Pick a style that works with your hair's texture. Hair comes in a variety of textures - from limp and silky thin hair to frizzy and bouncy coarse hair - and you should style yours accordingly. For instance, a short and choppy fast cut that works on straight, thin hair won't look good on someone with thick and curly hair. Here are some general guidelines.
  • If you have thin hair with a silky texture, avoid wearing it in a long, blunt style that can make you look childish. Instead, favor volume-creating layers and try a shorter cut that hits at your shoulders or above. Never blunt cut bangs, and opt instead for a side swept look.
  • If you have thick, coarse hair with natural curl or wave, don't cut it too short - you'll end up with "Christmas tree" hair that's full and bushy at the bottom before tapering up to the head. Hair that's prone to frizz usually needs a little length to weigh it down. Consider cuts that start at the chin or below, and go longer if your hair is frizzier.
  • If your hair is of medium thickness with a "normal" texture, you can elect a short or long style.
Play up your strengths. A good haircut should direct attention to the things you like about yourself. Ultimately a haircut should make you feel confident and attractive, so use it to your advantage.
  • For instance, if you love the length of your neck, try a short haircut or a high updo.
  • To draw attention to your eyes, get brow-skimming bangs
Cover flaws. The right haircut can help you hide or downplay features you don't like.
  • If you have wide ears, avoid a cut that's too short as well as severe ponytails and buns (or, for men, wear the sides a little longer to create the illusion of comparable width around the ears).
  • If you have a broad, deep forehead, you can cover it up with bangs.
  • If you dislike the length of your neck, hide it with long layers.

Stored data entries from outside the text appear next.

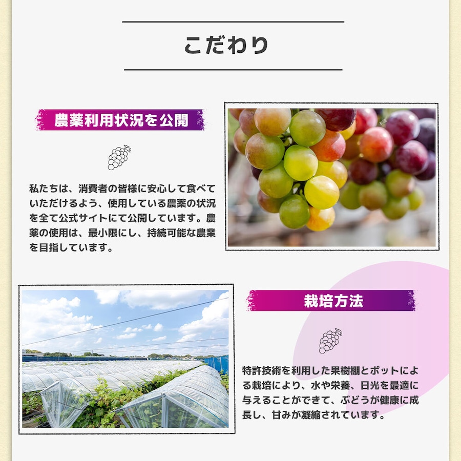 私たちは一房ごとに愛情を込めて育てています。この特別なぶどうで、皆さまの食卓に幸せをお届けできれば嬉しいです。」
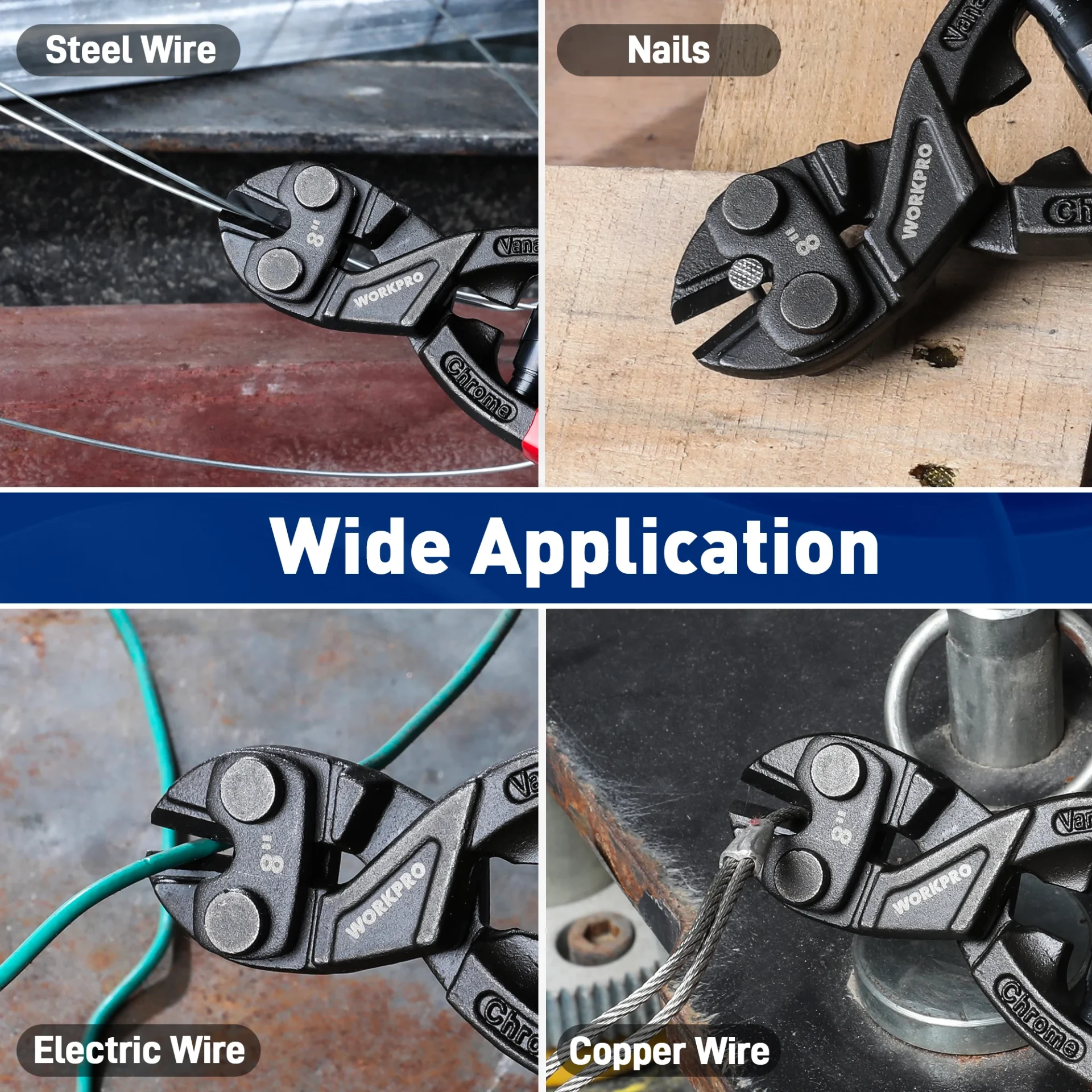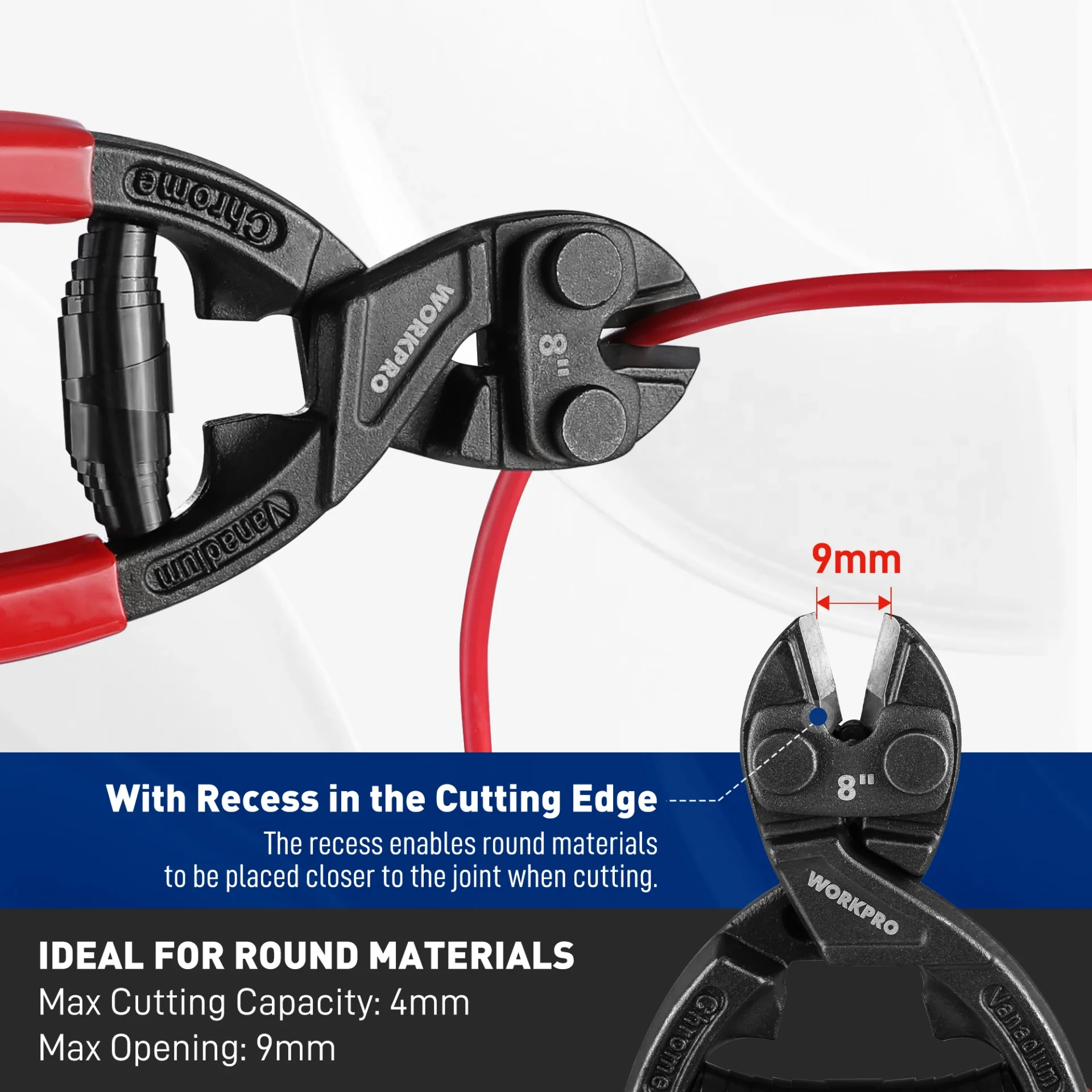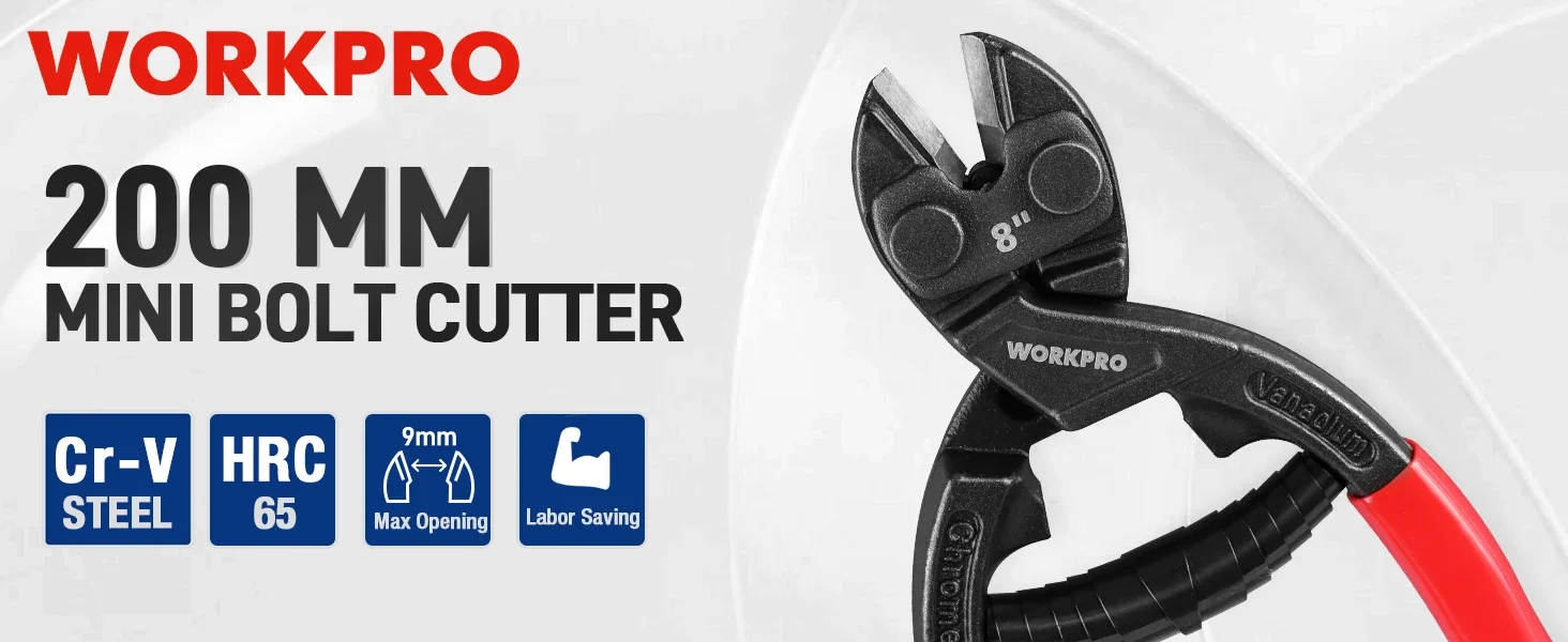 WORKPRO 200MM Bolt Cutter High Leverage Bolt Cutter with Notch and Spring Industrial Wire Cutter Repair Heavy Duty Hand Tools
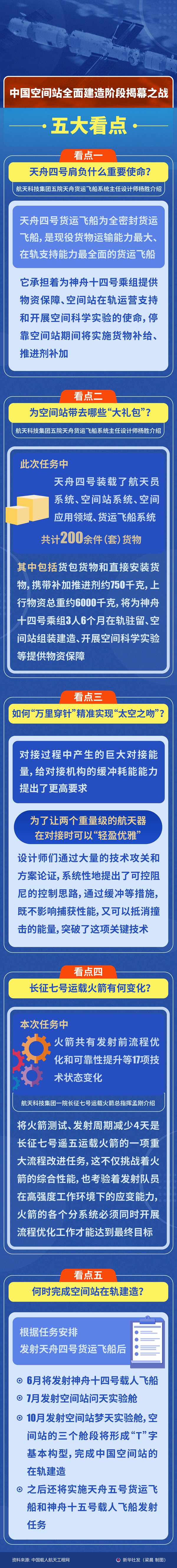 新華社北京5月10日電 題:天舟四號成功發射!中國空間站全面建造階段揭幕之戰五大看點
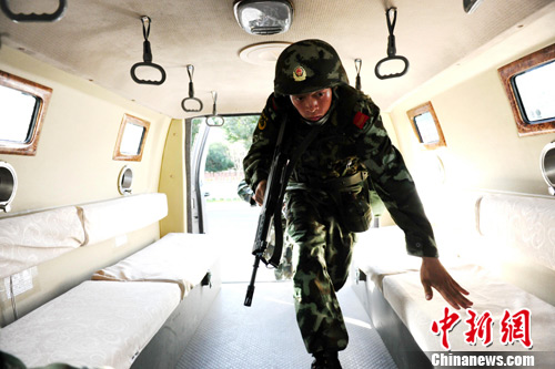 7月2日下午,武警驻新疆维吾尔自治区某部战士登上运兵车,进行机动性训练。中新社发 侯宇 摄
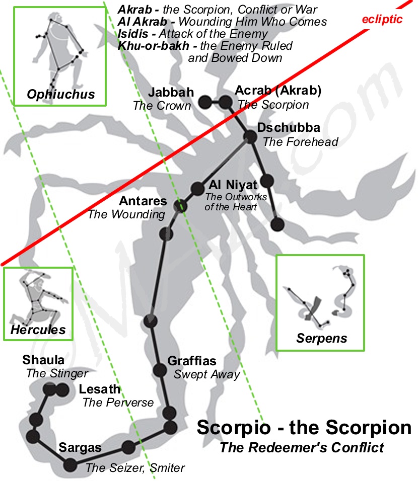 Redeemer’s Conflict Scorpio is the figure of the scorpion with the conqueror’s (Ophiuchus’) foot on its heart. It is the most violent position in the ecliptic path and shows victory through conflict. This shows tenacity, a strong will to win, and being victorious after being wounded, especially since Hercules is included as a decan in this grouping of constellations. It may also reveal a strong prophetic gifting. |
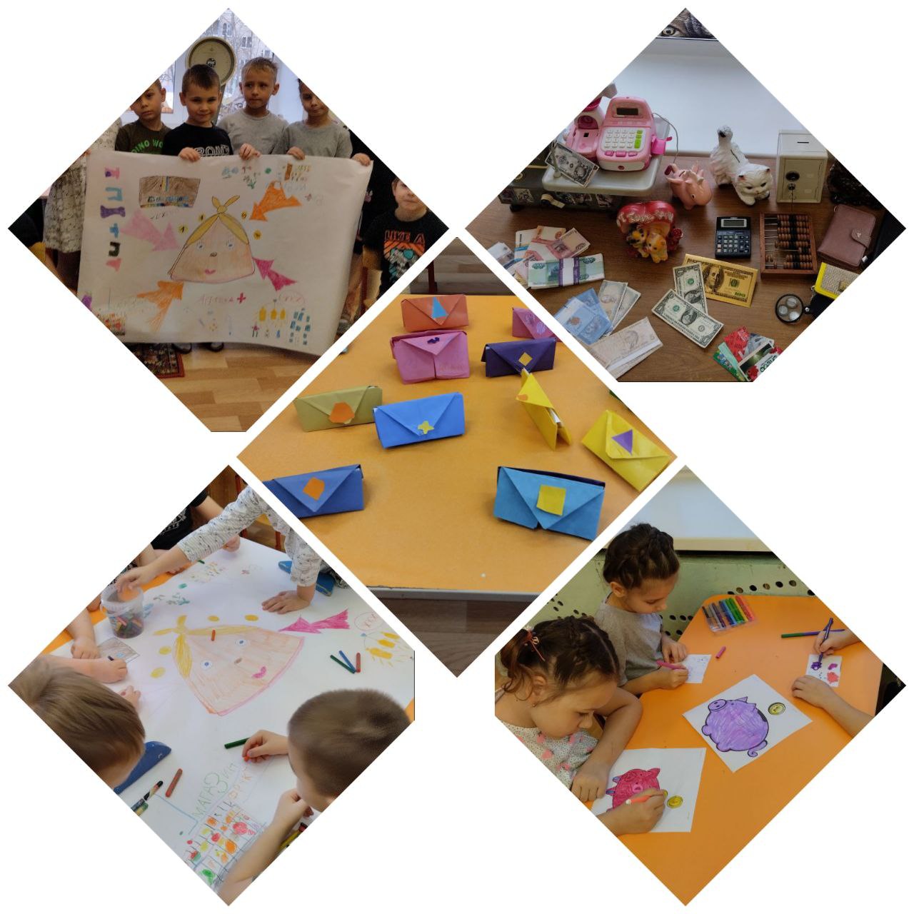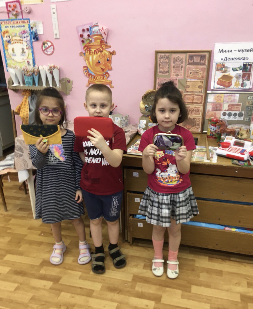 В эти дни ребят ожидали увлекательные и познавательные мероприятия, на которых они узнали: «Что такое деньги? Для чего они нужны? Много денег - это хорошо или плохо? Деньги нужно беречь или тратить?». На практических занятиях, в игровой форме, дошкольники попробовали себя в роли покупателя и продавца, научились планировать свои расходы и «зарабатывать деньги». Для погружения в атмосферу реальной жизни экономики и финансов, были предусмотрены проведение разнообразных дидактических и сюжетно-ролевых игр, экскурсии в ближайший магазин "За покупками", просмотры мультфильмов, видеороликов на тему: «Азбука финансовой грамотности». А так же с помощью воспитателей и родителей организован мини-музей, где особое место занимали кошельки и копилки ребят.
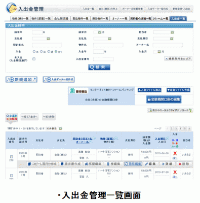 毎月借主様から家賃が銀行に振り込まれますが、その入金の有無・入金額などをデータで簡単に取得することができます。
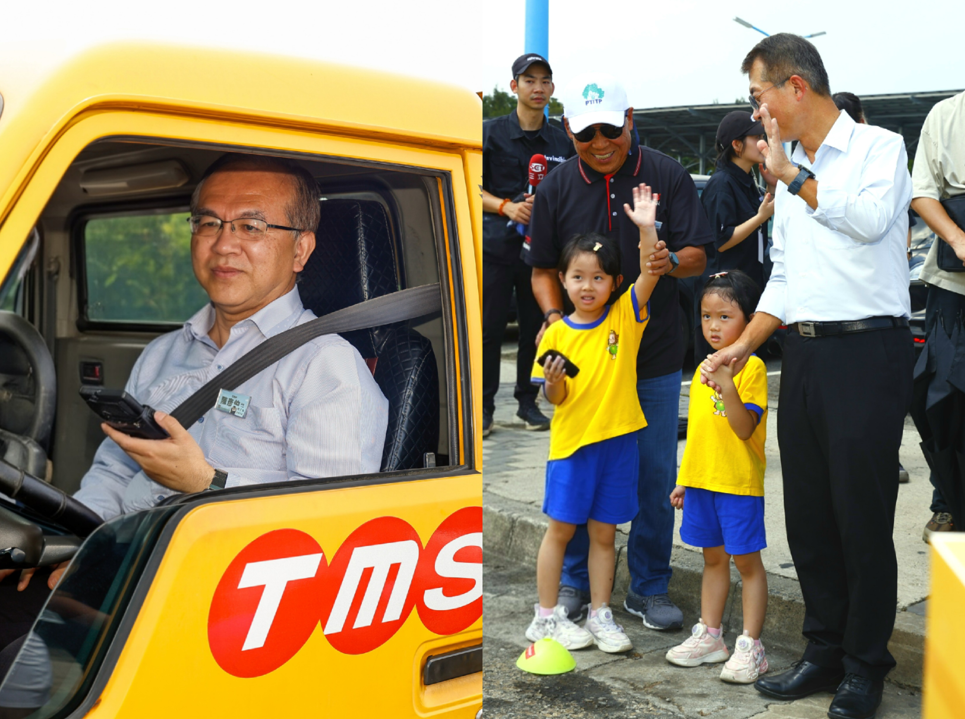 交通部政務次長陳彥伯(圖左駕駛),與高公局局長陳文瑞(圖右白上衣)、遠通總經理張永昌(圖右黑上衣)共同擔任道安宣導大使,和小朋友們一起找出大車視野盲區
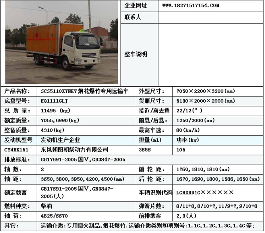 該車為一類煙花爆竹運輸車:可運輸包括煙花爆竹,煙火制品以及各種易爆危險品。
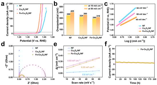 Electrochemical tests of Fe-Co3O4/NF and other catalysts for OER in 1 M KOH solution. (a) The LSV polarization curves at a scan rate of 2 mV. (b) Overpotential at 10 and 50 mA cm−2. (c) Tafel plots of various OER electrocatalysts. (d) EIS spectra. (e) Linear fit of scan rate to capacitive current density of NF, Co3O4/NF, and Fe-Co3O4/NF. (f) The i-t tests performed for various electrocatalysts at the current density of 10 mA cm−2.
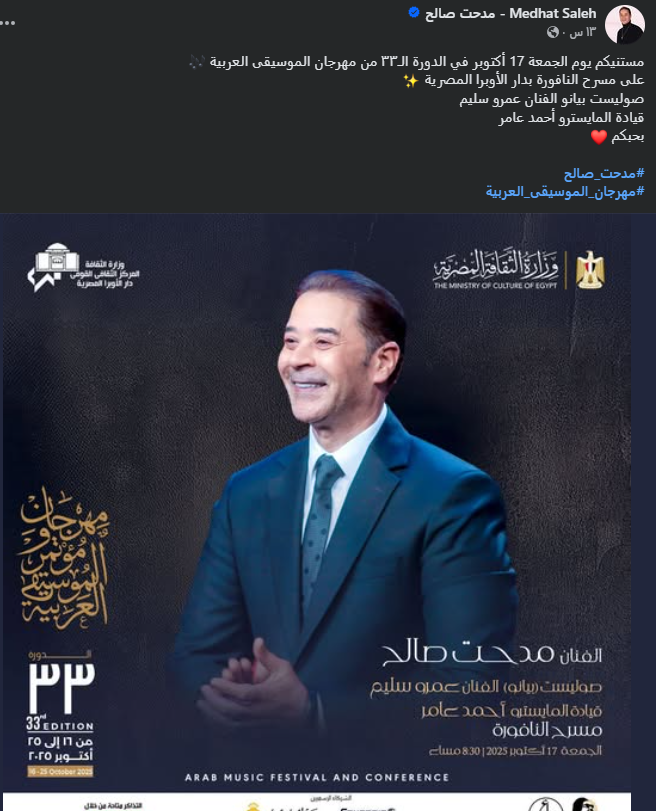 وشارك الفنان مدحت صالح، البوستر الخاص بحفله في فعاليات مهرجان الموسيقى العربية الدورة الـ 33، وفقا لما رصده موقع تحيا مصر، عبر صفحته الرسمية على موقع التواصل الاجتماعي فيسبوك، وعلق عليه: مستنيكم يوم الجمعة 17 أكتوبر في الدورة الـ33 من مهرجان الموسيقى العربية، على مسرح النافورة بدار الأوبرا المصرية، صوليست بيانو الفنان عمرو سليم، قيادة المايسترو أحمد عامر، بحبكم.
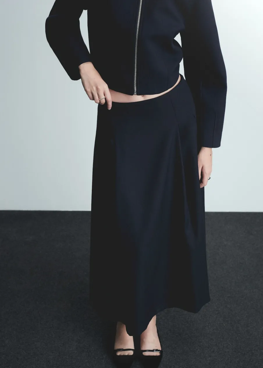 OpisLejąca tkanina. Model długi. Model evasé. Dwie kieszenie boczne. Zapięcie na suwak i haftkę. Detal z zakładkam…

Think about maintenance. Consider how much time you're willing to put into your hairstyle every day.
  • If you don't like spending more than 5 minutes, then you might not be happy with several layers that have to be straightened or curled each day.
  • Remember that for a short look, you'll have to get another hair cut every 3 or 4 weeks to maintain the length.
  • Longer hair, on the other hand, can go up to 6 to 8 weeks without a trim, but special attention must be paid to avoiding split ends and heat damage.